*INSTRUCTIONS TO FOLLOW*: Beginning with the first line, return the material verbatim and without pictures.

DATASET EXTRACT: Begin

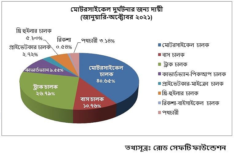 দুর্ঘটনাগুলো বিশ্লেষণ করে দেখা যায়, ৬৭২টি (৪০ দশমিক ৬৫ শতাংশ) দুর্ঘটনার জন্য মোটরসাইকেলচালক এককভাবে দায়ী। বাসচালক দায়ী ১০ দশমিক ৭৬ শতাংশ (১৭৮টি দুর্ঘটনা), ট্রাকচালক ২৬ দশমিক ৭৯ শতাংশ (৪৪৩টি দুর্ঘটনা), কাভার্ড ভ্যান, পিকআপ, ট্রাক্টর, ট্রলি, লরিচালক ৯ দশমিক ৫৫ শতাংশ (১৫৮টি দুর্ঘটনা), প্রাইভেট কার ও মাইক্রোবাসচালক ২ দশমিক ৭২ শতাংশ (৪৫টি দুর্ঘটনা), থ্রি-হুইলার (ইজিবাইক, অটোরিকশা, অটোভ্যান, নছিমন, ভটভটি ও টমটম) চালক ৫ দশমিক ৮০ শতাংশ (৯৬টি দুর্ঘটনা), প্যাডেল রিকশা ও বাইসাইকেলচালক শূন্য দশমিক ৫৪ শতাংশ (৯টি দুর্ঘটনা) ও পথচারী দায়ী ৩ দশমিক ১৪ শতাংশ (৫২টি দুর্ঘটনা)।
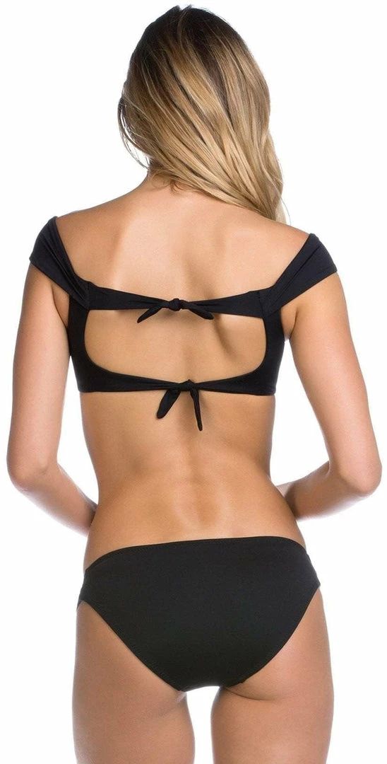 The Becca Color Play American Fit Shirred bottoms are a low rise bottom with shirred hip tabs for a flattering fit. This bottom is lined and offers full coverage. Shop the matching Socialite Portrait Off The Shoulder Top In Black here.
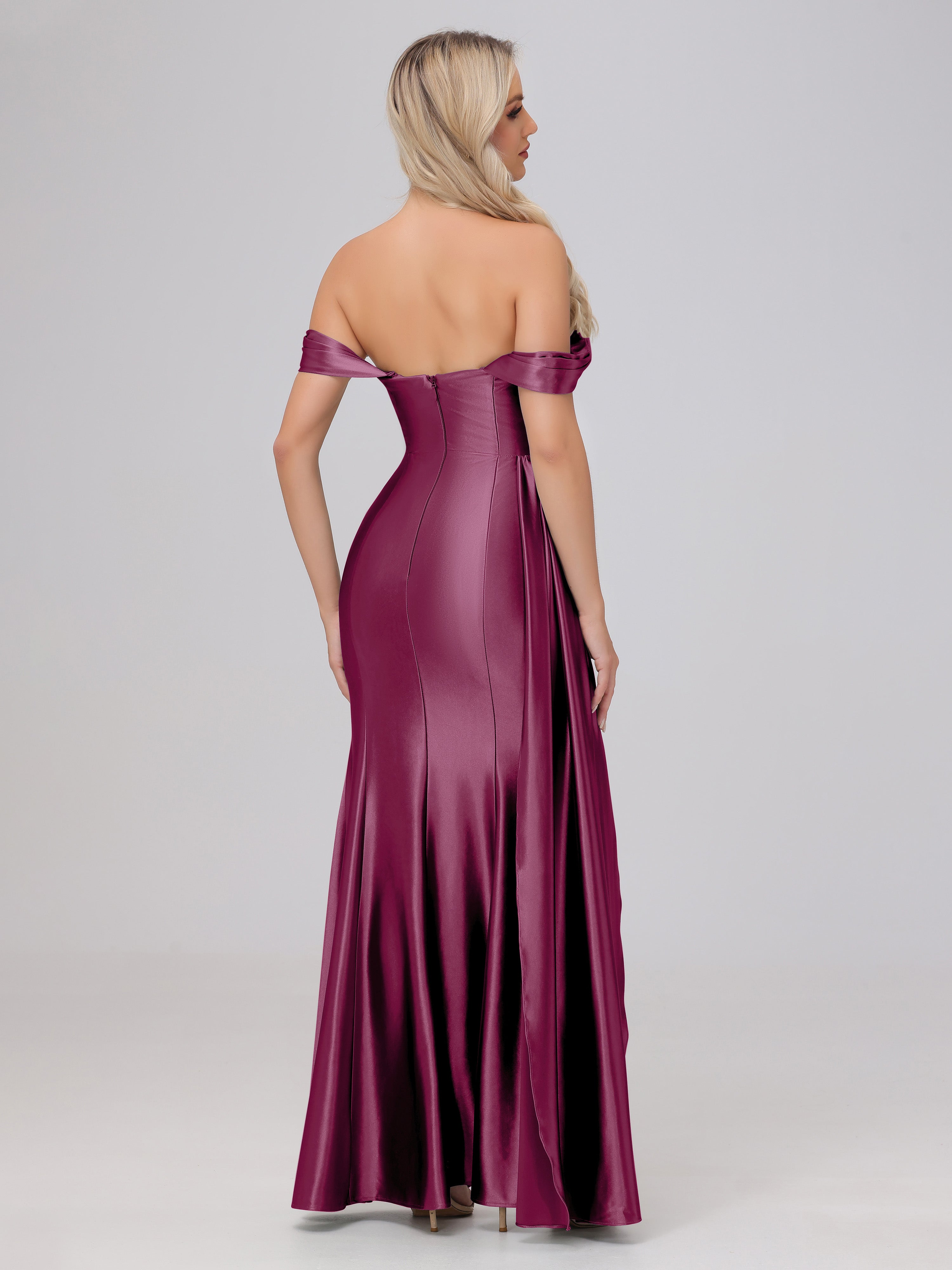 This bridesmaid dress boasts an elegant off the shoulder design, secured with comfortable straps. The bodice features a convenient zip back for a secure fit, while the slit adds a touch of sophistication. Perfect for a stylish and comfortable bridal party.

DATASET EXTRACT: End

*RESPONSE TO THE EXERCISE*:
 দুর্ঘটনাগুলো বিশ্লেষণ করে দেখা যায়, ৬৭২টি (৪০ দশমিক ৬৫ শতাংশ) দুর্ঘটনার জন্য মোটরসাইকেলচালক এককভাবে দায়ী। বাসচালক দায়ী ১০ দশমিক ৭৬ শতাংশ (১৭৮টি দুর্ঘটনা), ট্রাকচালক ২৬ দশমিক ৭৯ শতাংশ (৪৪৩টি দুর্ঘটনা), কাভার্ড ভ্যান, পিকআপ, ট্রাক্টর, ট্রলি, লরিচালক ৯ দশমিক ৫৫ শতাংশ (১৫৮টি দুর্ঘটনা), প্রাইভেট কার ও মাইক্রোবাসচালক ২ দশমিক ৭২ শতাংশ (৪৫টি দুর্ঘটনা), থ্রি-হুইলার (ইজিবাইক, অটোরিকশা, অটোভ্যান, নছিমন, ভটভটি ও টমটম) চালক ৫ দশমিক ৮০ শতাংশ (৯৬টি দুর্ঘটনা), প্যাডেল রিকশা ও বাইসাইকেলচালক শূন্য দশমিক ৫৪ শতাংশ (৯টি দুর্ঘটনা) ও পথচারী দায়ী ৩ দশমিক ১৪ শতাংশ (৫২টি দুর্ঘটনা)।
 The Becca Color Play American Fit Shirred bottoms are a low rise bottom with shirred hip tabs for a flattering fit. This bottom is lined and offers full coverage. Shop the matching Socialite Portrait Off The Shoulder Top In Black here.
 This bridesmaid dress boasts an elegant off the shoulder design, secured with comfortable straps. The bodice features a convenient zip back for a secure fit, while the slit adds a touch of sophistication. Perfect for a stylish and comfortable bridal party.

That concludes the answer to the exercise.